WORK INSTRUCTION: Retype exactly what appears below from the line containing "Global Marketing is" down to the line containing "Светодиодная лампа FOTON", keeping both end lines. Do not include pictures.

DATASET EXTRACT:
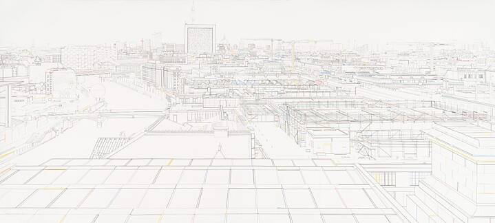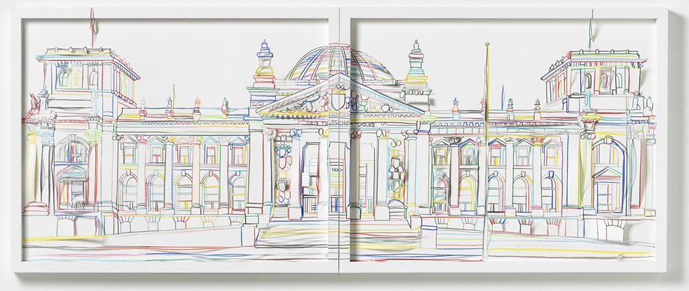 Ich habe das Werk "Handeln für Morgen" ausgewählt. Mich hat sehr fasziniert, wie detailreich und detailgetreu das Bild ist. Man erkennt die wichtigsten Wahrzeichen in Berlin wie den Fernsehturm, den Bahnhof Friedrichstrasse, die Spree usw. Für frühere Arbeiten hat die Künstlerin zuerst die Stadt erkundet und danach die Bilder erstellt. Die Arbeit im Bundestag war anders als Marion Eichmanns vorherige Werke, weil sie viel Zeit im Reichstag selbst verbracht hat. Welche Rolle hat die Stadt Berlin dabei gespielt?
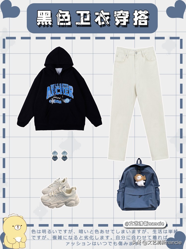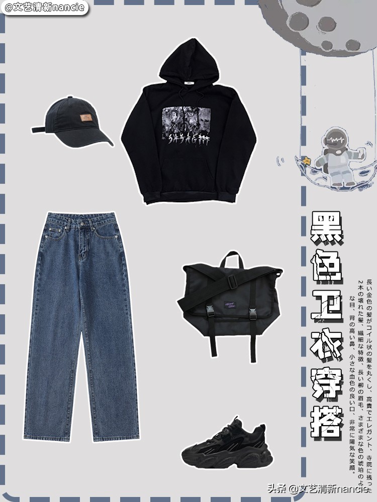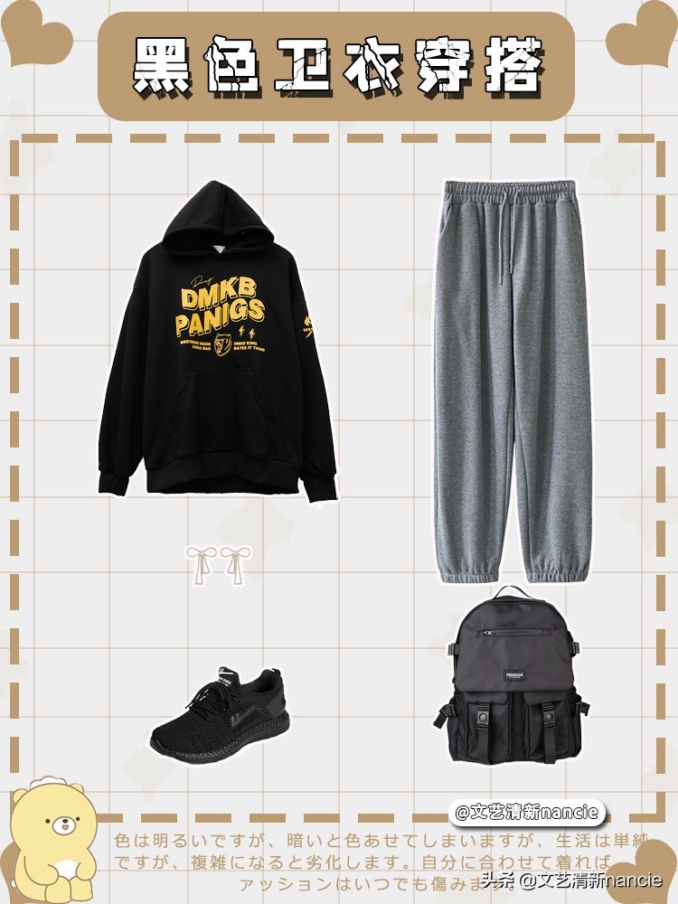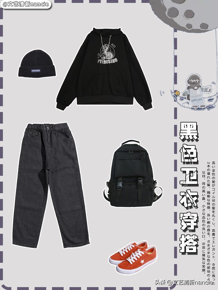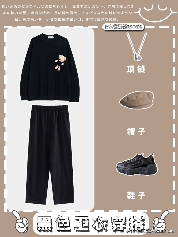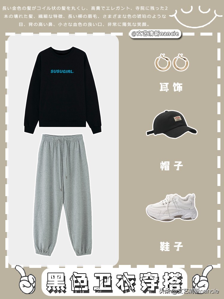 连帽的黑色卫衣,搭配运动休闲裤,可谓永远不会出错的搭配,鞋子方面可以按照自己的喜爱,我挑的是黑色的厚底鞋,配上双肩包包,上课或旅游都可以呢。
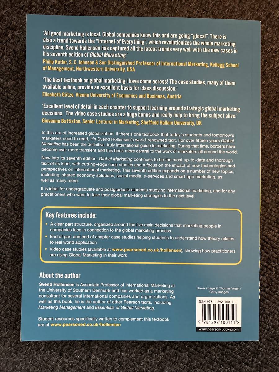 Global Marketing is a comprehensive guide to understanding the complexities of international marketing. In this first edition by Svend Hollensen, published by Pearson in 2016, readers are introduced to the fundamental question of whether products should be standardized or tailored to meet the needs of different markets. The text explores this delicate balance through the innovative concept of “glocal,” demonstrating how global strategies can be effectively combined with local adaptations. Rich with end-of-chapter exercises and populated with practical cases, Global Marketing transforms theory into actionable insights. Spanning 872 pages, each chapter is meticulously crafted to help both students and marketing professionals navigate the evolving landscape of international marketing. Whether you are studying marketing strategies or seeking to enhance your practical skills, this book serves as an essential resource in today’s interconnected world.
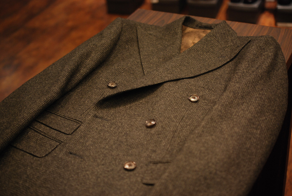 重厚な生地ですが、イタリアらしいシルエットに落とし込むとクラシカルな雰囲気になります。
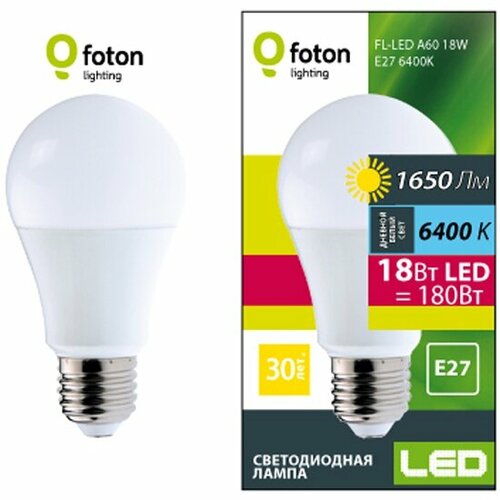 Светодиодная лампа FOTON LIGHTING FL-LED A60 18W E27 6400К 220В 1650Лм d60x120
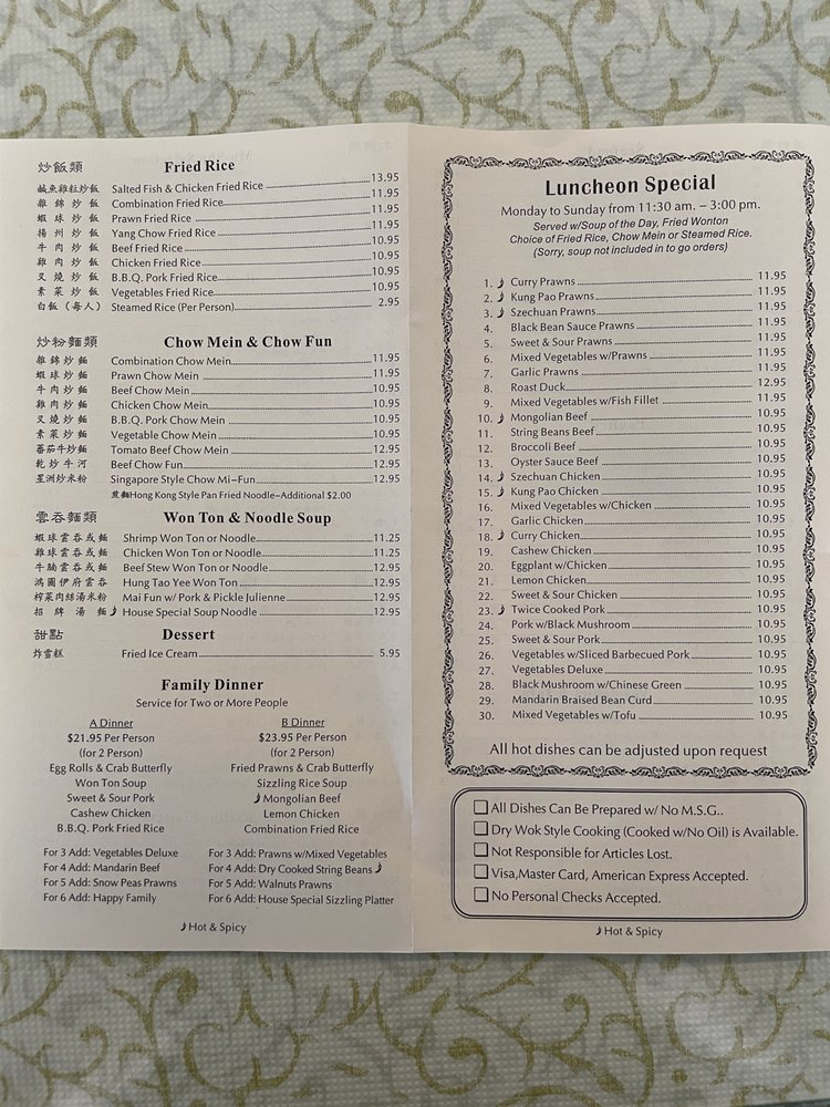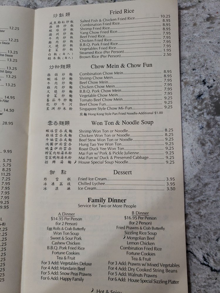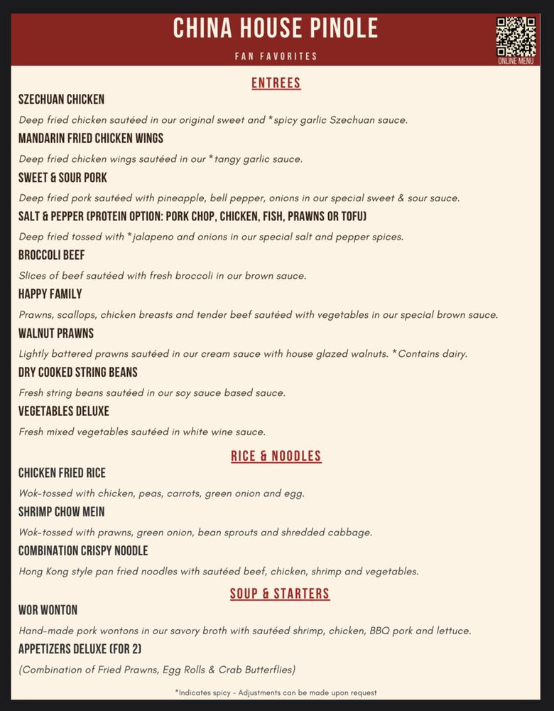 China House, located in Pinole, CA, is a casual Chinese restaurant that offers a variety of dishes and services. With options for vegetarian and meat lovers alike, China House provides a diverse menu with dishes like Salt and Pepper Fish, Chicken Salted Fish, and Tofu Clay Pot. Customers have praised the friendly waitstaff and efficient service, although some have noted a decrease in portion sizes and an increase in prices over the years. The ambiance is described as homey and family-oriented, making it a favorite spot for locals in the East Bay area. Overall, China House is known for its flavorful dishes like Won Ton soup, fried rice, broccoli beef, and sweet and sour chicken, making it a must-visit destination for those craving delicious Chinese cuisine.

SOLVED EXERCISE:
 Global Marketing is a comprehensive guide to understanding the complexities of international marketing. In this first edition by Svend Hollensen, published by Pearson in 2016, readers are introduced to the fundamental question of whether products should be standardized or tailored to meet the needs of different markets. The text explores this delicate balance through the innovative concept of “glocal,” demonstrating how global strategies can be effectively combined with local adaptations. Rich with end-of-chapter exercises and populated with practical cases, Global Marketing transforms theory into actionable insights. Spanning 872 pages, each chapter is meticulously crafted to help both students and marketing professionals navigate the evolving landscape of international marketing. Whether you are studying marketing strategies or seeking to enhance your practical skills, this book serves as an essential resource in today’s interconnected world.
 重厚な生地ですが、イタリアらしいシルエットに落とし込むとクラシカルな雰囲気になります。
 Светодиодная лампа FOTON LIGHTING FL-LED A60 18W E27 6400К 220В 1650Лм d60x120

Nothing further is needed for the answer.